アマチュア無線局 JF9OYU/ライセンスフリー無線局 いしかわJK946 です。いつもブログをお読みいただきまして、心より感謝申し上げます。

さて、アマチュア無線を始めると、「QTHは金沢市です」「QRMがあります」「QSLカードを送ります」「本日のQSOありがとうございました」といった言葉を耳にします。いずれも最初の文字が「Q」で始まるため、初めて聞いた人には暗号のように感じられるかもしれません。

これらは「Q符号」と呼ばれる、無線通信のための国際的な略符号です。もともとはモールス通信を短く、正確に、言語の違いを越えて行うために整備されたもので、現在もCWをはじめ、アマチュア無線のさまざまな場面で使われています。ただし、実際のアマチュア無線では、本来の意味から少し広がった使い方も少なくありません。

この記事では、Q符号が生まれた背景、問いと応答の基本、アマチュア無線でよく使われるQ符号の意味、CWと電話での使い方、初心者が間違えやすいポイントまで詳しく解説します。すべてを一度に暗記する必要はありません。まずは、交信中によく登場する符号から順番に覚えていきましょう。

Q符号とは

Q符号は、アルファベットの「Q」と、それに続く2文字を組み合わせた3文字の符号です。たとえば、QRMは混信、QSBはフェージング、QSLは受信確認、QTHは位置を表します。長い質問や回答をわずか3文字に置き換えられるため、1文字ずつモールス符号で送る無線電信では大きな効果があります。

Q符号の利点は、単に送信時間を短くできることだけではありません。同じ符号と意味を共有していれば、異なる言語を話す無線通信士同士でも、ある程度の意思疎通ができます。また、雑音や混信の多い状況でも、決まった3文字なら内容を推測しやすく、長い文章より誤りを減らせます。

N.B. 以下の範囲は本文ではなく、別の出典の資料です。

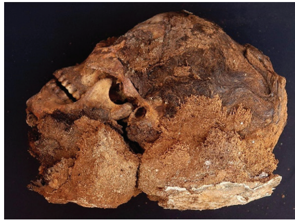
Fig.7. Skull of the young woman 36181, preserving the hair. Oxyrhynchus Archaeological Mission.

It preserves the tongue in the oral cavity, eye remnants, and periosteal, epithelial, dermal as well as the muscle ligament tissue, especially at the base of the skull, the facial part, and the spine. 9
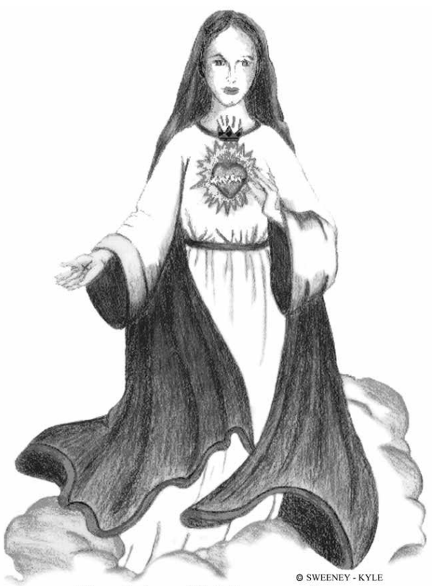
Mary, Refuge of Holy Love, pray for us.
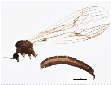
BIOUG05508-C07 [Lateral] Trichocera
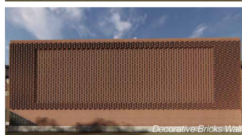
Decorative Bricks Wall
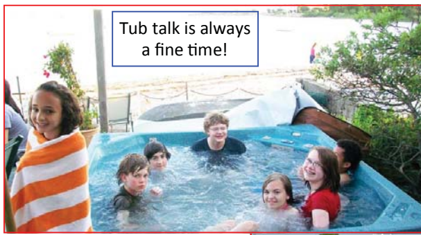
Tub talk is always a fine time!
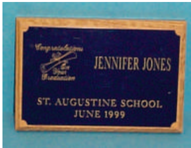
T1-1919 4" x 6"

Plaques T1-1919 4" x 6" available in oak or walnut 1 ... $6.75 ea 12 ... $6.50 ea
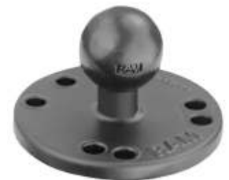
RAM-B-202 RAM 2 1/2" DIAMETER BASE WITH 1" BALL
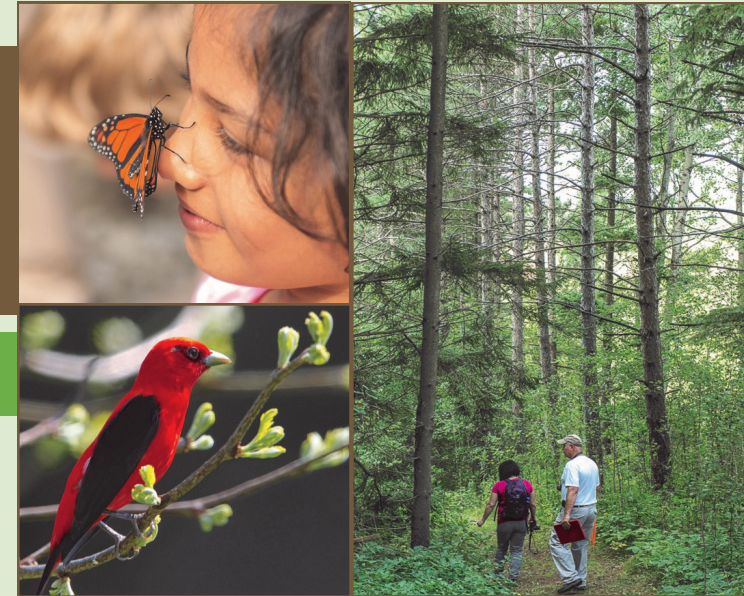
Clockwise from bottom left: Scarlet Tanager, Monarch on face ; Oak Ridges Moraine Land Trust forest trail

Thank you for helping to save the land you love in Ontario !
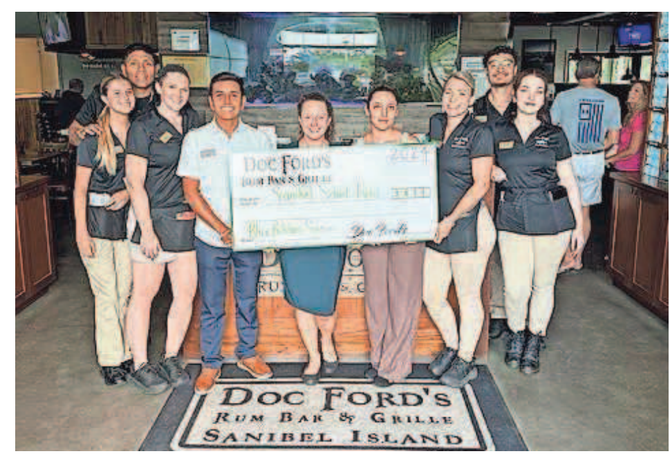
Doc Ford's Rum Bar & Grille donated $3,000 to support The Sanibel School's 2024 Blue Ribbin Classic Golf Tournament and Gala in early May.
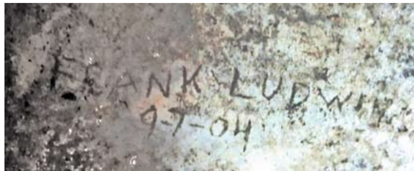
Frank's signature approving the concrete floor of the trail garage.
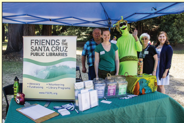
Festival of the Book

Friends consist of a volunteer Board that works on behalf of the entire library system, and individual Chapters where volunteers work on behalf of their local branch.
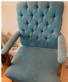
There is just one un-matched, stained chair.
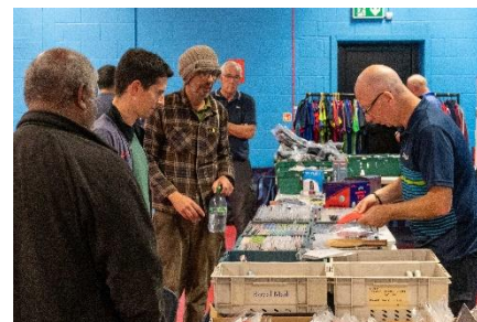
Table Tennis England: Senior British League (7) National Junior League (4) National Cadet League (4) Regional Qualification event (1) Level 1 coach education course (2) Bucks County TTA: County Championships sessions (2) Royal County of Berks TTA: Inter-Town Competition (1) Surrey County TTA: County Championships sessions (2) Maidenhead & DTTA: Maidenhead Closed Championships (1) Reading & DTTA: Reading Closed Championships (1) Individual Handicap Competition (1)

In addition, there was a midweek coaching day on behalf of Bucks during a school holiday.

なお、Q符号の3文字は、一般的な英語の頭文字を並べた略語とは限りません。QTHを英単語に分解して意味を考えたり、QSLを特定の英文の頭文字だと説明したりする例がありますが、多くは後から考えられた覚え方です。正式な意味は、各符号に割り当てられた「問い」と「回答・通知」によって決まります。

Q符号が生まれた背景

Q符号の起源は、無線電信が船舶と海岸局の重要な通信手段となり始めた20世紀初頭にさかのぼります。英国では1909年ごろ、船舶局や海岸局で使う略符号の一覧が作られたとされ、その後、1912年にロンドンで開かれた国際無線電信会議を通じて国際的な運用へと発展しました。

当時の無線通信はモールス通信が中心で、通信速度は現在のデジタル通信とは比較になりません。しかも、船舶にはさまざまな国籍の通信士が乗務しています。「こちらの信号は混信を受けています」「周波数を変更してください」といった文章を毎回送るより、世界共通の3文字に置き換えた方が速く、正確でした。Q符号は、当時の通信環境が求めた実用的な共通言語だったのです。

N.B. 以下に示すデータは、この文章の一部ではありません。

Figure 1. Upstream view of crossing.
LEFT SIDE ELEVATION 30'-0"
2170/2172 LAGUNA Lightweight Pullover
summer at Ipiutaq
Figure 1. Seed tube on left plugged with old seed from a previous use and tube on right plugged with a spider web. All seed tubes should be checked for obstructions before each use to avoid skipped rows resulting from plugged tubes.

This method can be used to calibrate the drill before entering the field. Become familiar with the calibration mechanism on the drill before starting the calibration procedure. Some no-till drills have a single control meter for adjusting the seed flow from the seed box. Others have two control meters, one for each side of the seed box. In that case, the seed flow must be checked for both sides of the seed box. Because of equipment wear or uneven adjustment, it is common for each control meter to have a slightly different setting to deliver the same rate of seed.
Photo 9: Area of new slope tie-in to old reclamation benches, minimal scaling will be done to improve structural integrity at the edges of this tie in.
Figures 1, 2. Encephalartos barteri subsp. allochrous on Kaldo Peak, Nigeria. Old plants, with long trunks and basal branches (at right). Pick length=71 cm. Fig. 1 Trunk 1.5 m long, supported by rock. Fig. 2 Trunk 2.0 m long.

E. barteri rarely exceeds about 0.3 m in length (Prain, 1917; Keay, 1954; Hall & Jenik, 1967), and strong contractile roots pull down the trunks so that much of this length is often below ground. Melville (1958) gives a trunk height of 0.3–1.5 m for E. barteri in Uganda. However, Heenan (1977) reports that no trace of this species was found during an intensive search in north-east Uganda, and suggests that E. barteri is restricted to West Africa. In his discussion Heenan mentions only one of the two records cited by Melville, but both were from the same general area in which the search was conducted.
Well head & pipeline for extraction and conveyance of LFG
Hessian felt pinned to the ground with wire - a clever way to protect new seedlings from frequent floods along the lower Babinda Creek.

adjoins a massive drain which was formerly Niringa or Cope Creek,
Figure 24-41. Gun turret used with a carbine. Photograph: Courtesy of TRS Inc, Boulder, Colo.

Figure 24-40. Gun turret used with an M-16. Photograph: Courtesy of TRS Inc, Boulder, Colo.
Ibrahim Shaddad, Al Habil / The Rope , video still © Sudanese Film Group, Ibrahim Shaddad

現在は、国際電気通信連合の勧告「ITU-R M.1172」に、海上移動業務用および全業務で使えるQ符号がまとめられています。日本でも「無線局運用規則」の別表第二号にQ符号が掲載されており、無線電信通信で使用する略符号として位置づけられています。

同じQ符号が「質問」と「回答」になる

Q符号を理解するうえで、最も大切なのが「同じ符号に質問と回答・通知の両方がある」という点です。無線電信では、Q符号の後ろに「?」を付けると質問になります。問符を付けなければ、回答や通知として扱われます。

たとえば「QRL?」は、本来「そちらは通信中ですか」「そちらは忙しいですか」という質問です。これに対する「QRL」は、「こちらは通信中です」「こちらは忙しいので妨害しないでください」という意味になります。同じように、「QSL?」は受信確認を求める質問、「QSL」は受信を確認したという回答です。

送信例意味
QRL?そちらは通信中ですか
QRLこちらは通信中です。妨害しないでください
QSL?こちらの受信を確認できますか
QSLこちらは受信を確認しました
QRV?そちらは準備ができましたか
QRVこちらは準備ができています

国際的な正式手順では、無線電話でQ符号を質問として使う場合、「RQ(ROMEO QUEBEC)」を付ける方式が示されています。しかし、一般のアマチュア無線の電話交信では、声の調子や「QSLですか」「準備はQRVですか」といった日本語を添えて質問であることを示す場合が多く、CWほど厳密に使い分けられていないのが実情です。

アマチュア無線でよく使われるQ符号一覧

Q符号は数多くありますが、アマチュア無線で頻繁に使われるものは限られています。次の表では、国際的・法令上の意味を要約した「本来の意味」と、アマチュア無線で耳にする「一般的な使われ方」を分けて整理しました。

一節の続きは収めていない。